WORK TO BE COMPLETED: Below are some records. Return exactly their lines from the one containing "sinerginkri.com |PALEMBANG –" through the one containing "Через несколько недель", and drop the pictures.

DATA SUPPLIED:
++++++++

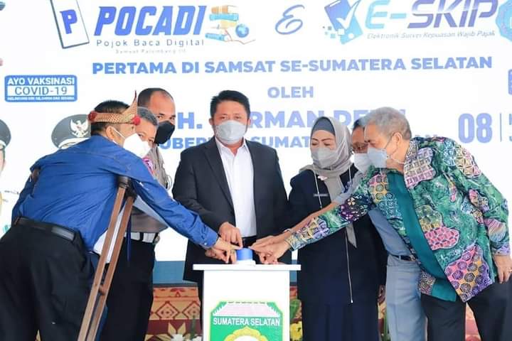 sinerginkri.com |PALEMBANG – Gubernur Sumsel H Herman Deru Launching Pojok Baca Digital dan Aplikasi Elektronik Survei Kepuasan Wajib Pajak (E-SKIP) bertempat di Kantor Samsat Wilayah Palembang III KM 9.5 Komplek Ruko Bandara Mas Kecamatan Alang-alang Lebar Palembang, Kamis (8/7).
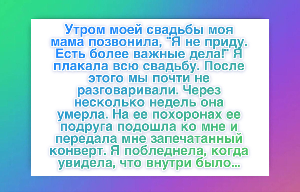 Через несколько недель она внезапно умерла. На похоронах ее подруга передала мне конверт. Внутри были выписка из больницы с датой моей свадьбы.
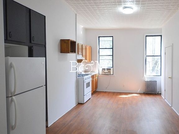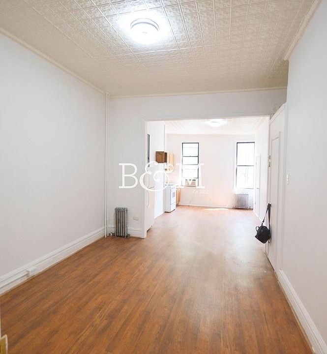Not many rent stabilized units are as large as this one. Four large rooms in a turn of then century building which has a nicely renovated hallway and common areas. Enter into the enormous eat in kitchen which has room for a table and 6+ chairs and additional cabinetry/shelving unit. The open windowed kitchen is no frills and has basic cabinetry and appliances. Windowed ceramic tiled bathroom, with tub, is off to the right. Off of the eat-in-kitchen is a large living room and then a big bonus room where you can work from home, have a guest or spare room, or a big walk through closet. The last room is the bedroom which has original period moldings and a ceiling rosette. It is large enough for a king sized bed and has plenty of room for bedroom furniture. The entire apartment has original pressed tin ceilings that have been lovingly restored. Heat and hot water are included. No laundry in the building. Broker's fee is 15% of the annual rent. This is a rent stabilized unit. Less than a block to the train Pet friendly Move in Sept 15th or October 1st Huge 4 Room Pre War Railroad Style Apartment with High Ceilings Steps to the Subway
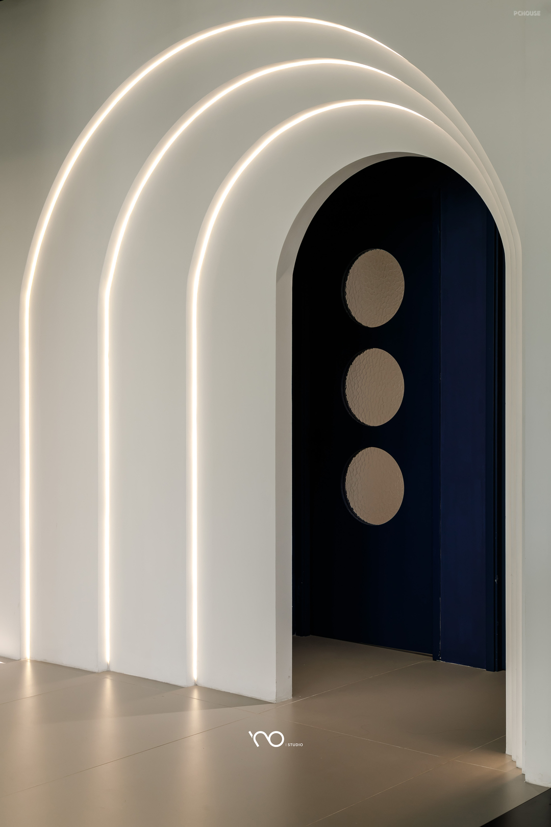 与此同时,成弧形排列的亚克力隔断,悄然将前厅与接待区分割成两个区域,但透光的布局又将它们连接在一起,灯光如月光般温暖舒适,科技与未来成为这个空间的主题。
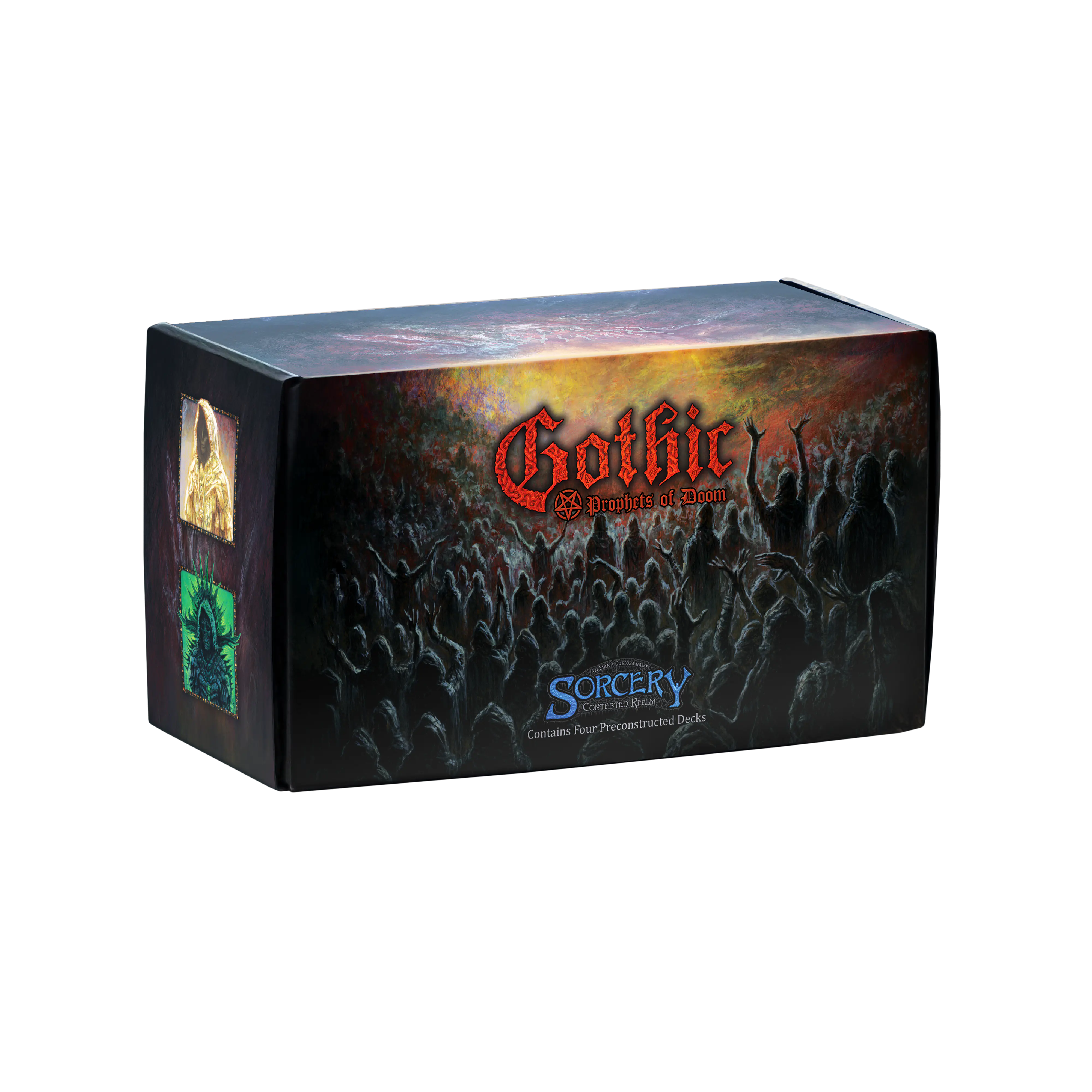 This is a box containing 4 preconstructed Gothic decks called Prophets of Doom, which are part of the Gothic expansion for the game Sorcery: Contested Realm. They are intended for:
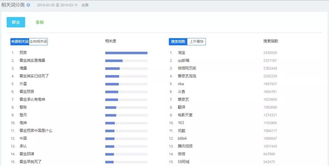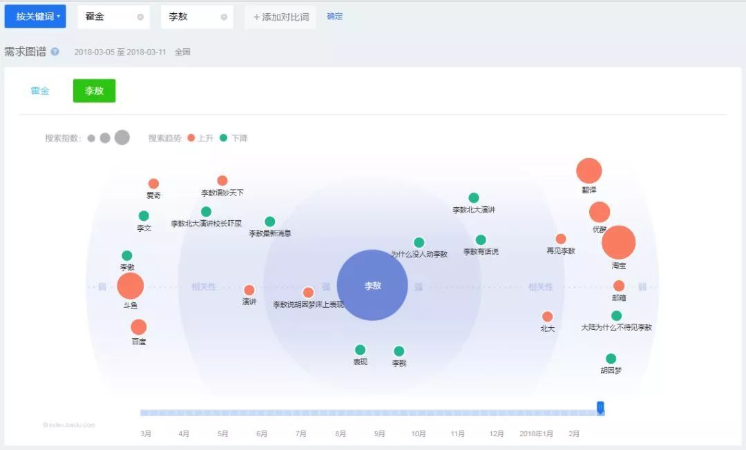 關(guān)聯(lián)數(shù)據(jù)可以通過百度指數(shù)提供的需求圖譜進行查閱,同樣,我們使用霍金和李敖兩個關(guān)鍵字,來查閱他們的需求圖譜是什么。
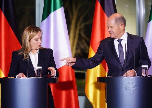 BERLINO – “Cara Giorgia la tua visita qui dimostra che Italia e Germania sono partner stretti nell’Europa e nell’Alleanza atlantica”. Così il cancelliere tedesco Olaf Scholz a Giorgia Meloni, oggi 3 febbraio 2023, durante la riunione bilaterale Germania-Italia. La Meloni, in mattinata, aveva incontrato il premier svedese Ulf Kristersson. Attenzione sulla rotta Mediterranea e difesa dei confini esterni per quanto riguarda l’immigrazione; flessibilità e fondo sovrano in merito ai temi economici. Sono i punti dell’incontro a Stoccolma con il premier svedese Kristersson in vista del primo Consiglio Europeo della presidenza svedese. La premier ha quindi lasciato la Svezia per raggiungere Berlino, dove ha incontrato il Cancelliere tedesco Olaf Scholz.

++++++++

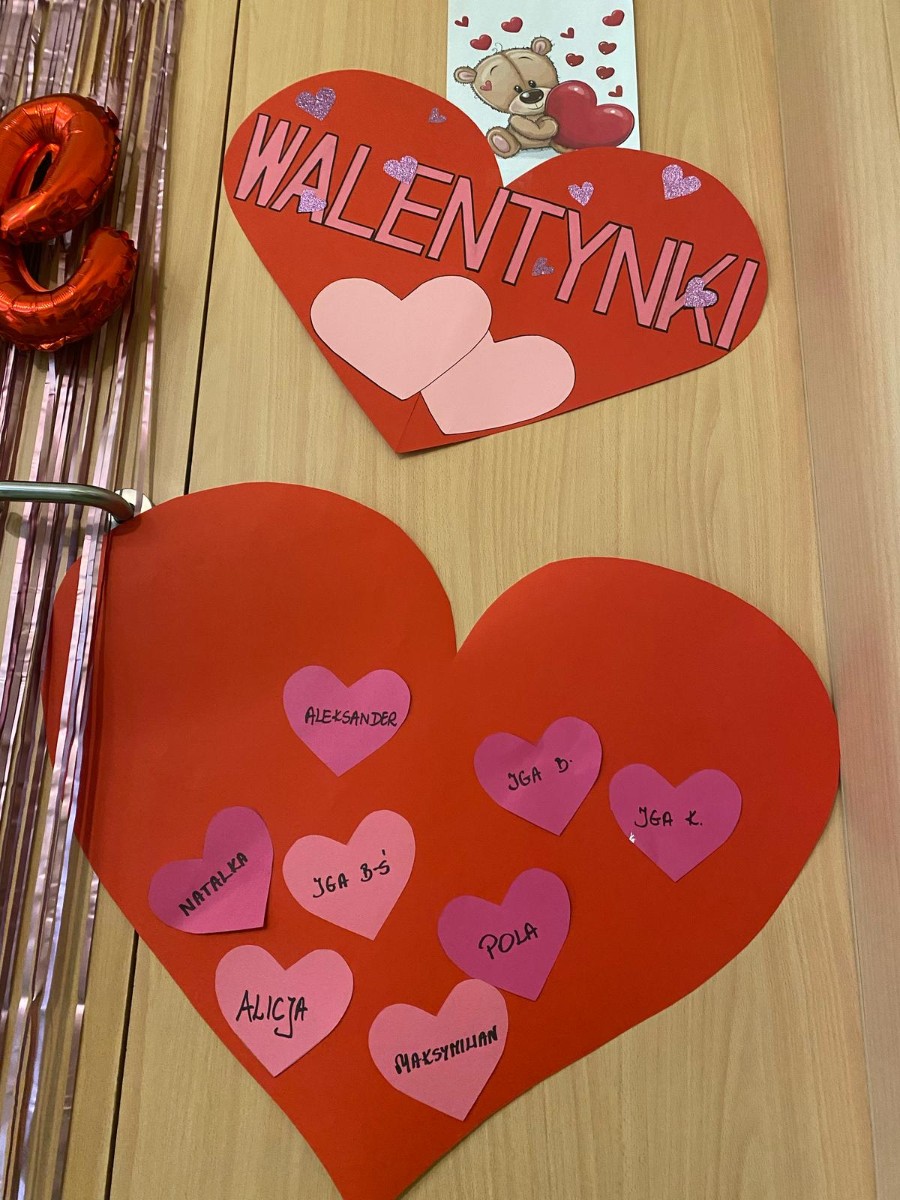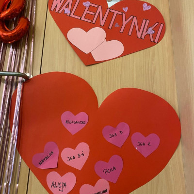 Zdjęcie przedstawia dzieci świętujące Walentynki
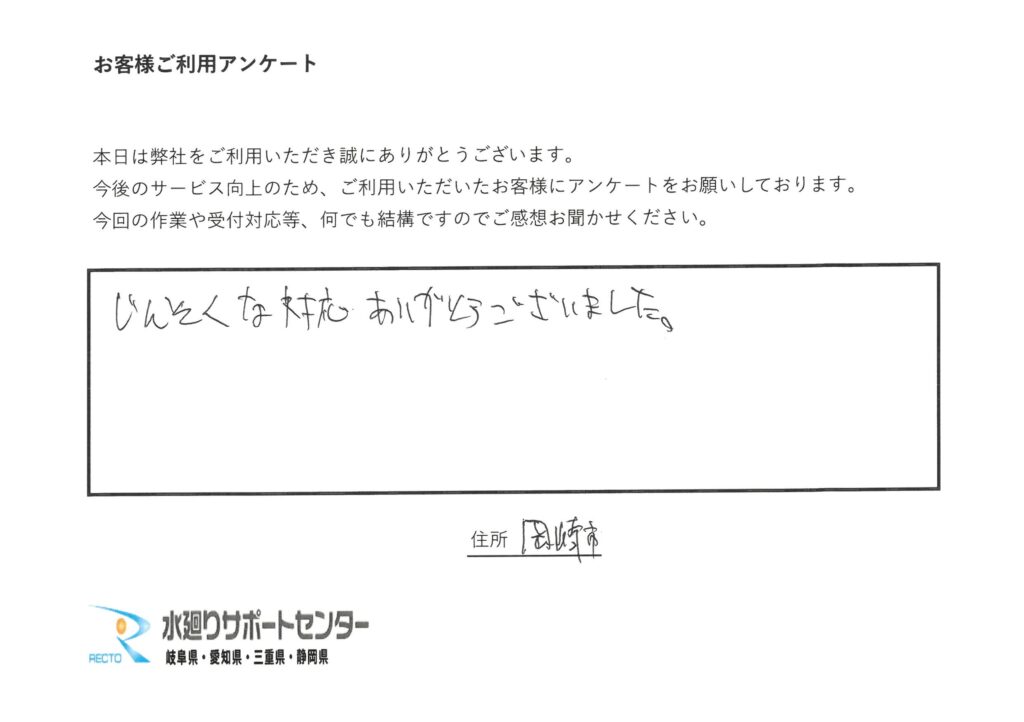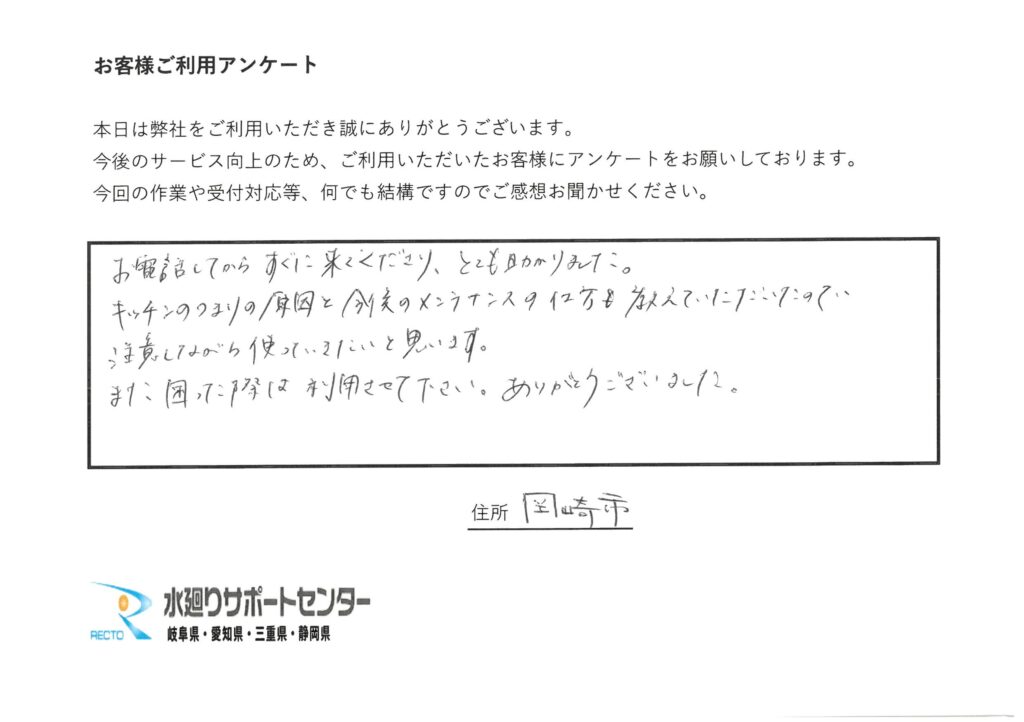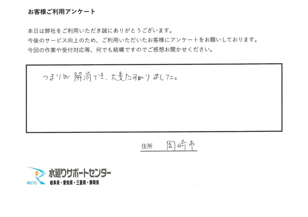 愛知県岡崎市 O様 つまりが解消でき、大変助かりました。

++++++++

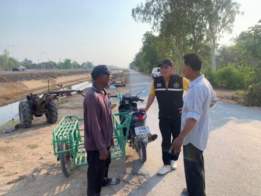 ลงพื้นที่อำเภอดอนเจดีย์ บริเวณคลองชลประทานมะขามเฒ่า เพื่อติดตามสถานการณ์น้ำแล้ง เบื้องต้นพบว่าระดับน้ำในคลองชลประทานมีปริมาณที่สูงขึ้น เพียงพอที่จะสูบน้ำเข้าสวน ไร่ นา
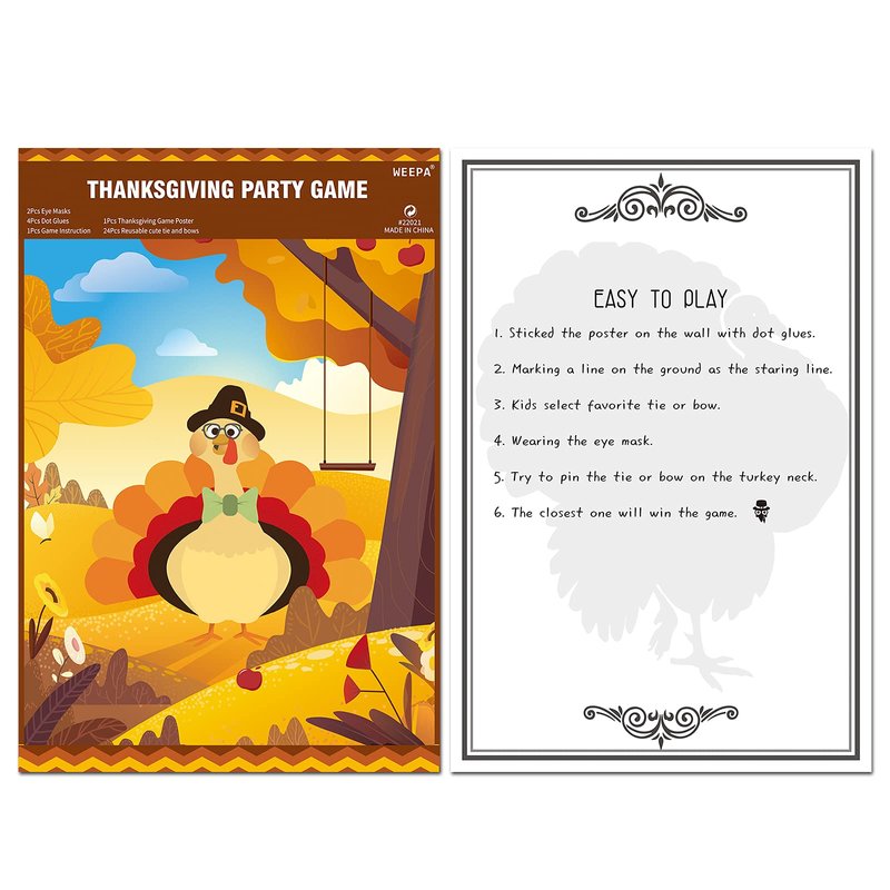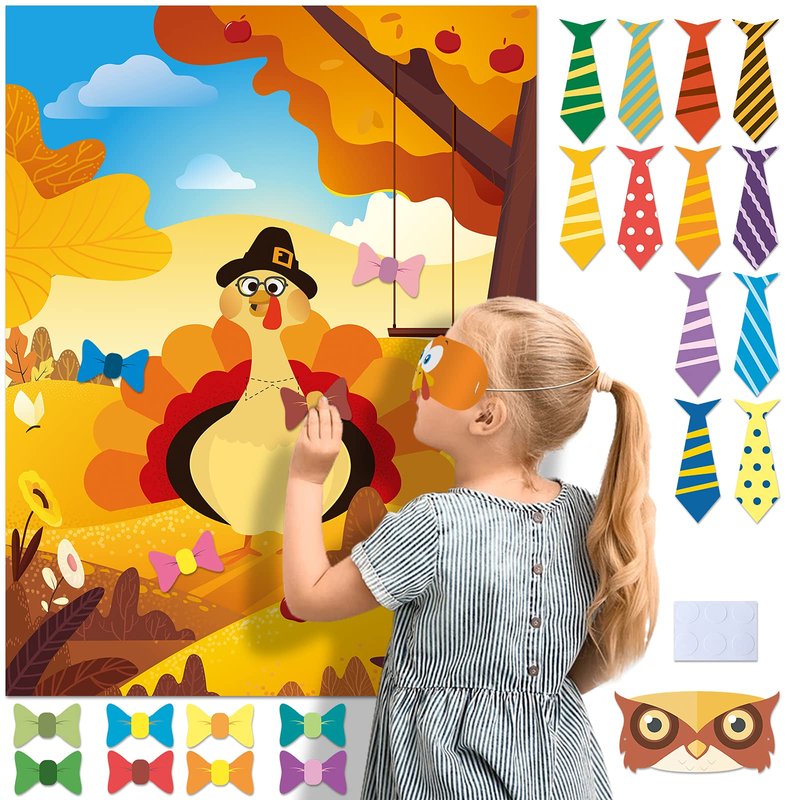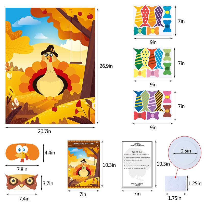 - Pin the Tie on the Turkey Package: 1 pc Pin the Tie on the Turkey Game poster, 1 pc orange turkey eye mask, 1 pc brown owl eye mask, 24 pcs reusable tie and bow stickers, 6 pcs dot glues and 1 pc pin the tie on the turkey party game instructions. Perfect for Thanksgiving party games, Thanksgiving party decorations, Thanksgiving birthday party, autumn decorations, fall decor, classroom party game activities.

++++++++

REPLY:
 sinerginkri.com |PALEMBANG – Gubernur Sumsel H Herman Deru Launching Pojok Baca Digital dan Aplikasi Elektronik Survei Kepuasan Wajib Pajak (E-SKIP) bertempat di Kantor Samsat Wilayah Palembang III KM 9.5 Komplek Ruko Bandara Mas Kecamatan Alang-alang Lebar Palembang, Kamis (8/7).
 Через несколько недель она внезапно умерла. На похоронах ее подруга передала мне конверт. Внутри были выписка из больницы с датой моей свадьбы.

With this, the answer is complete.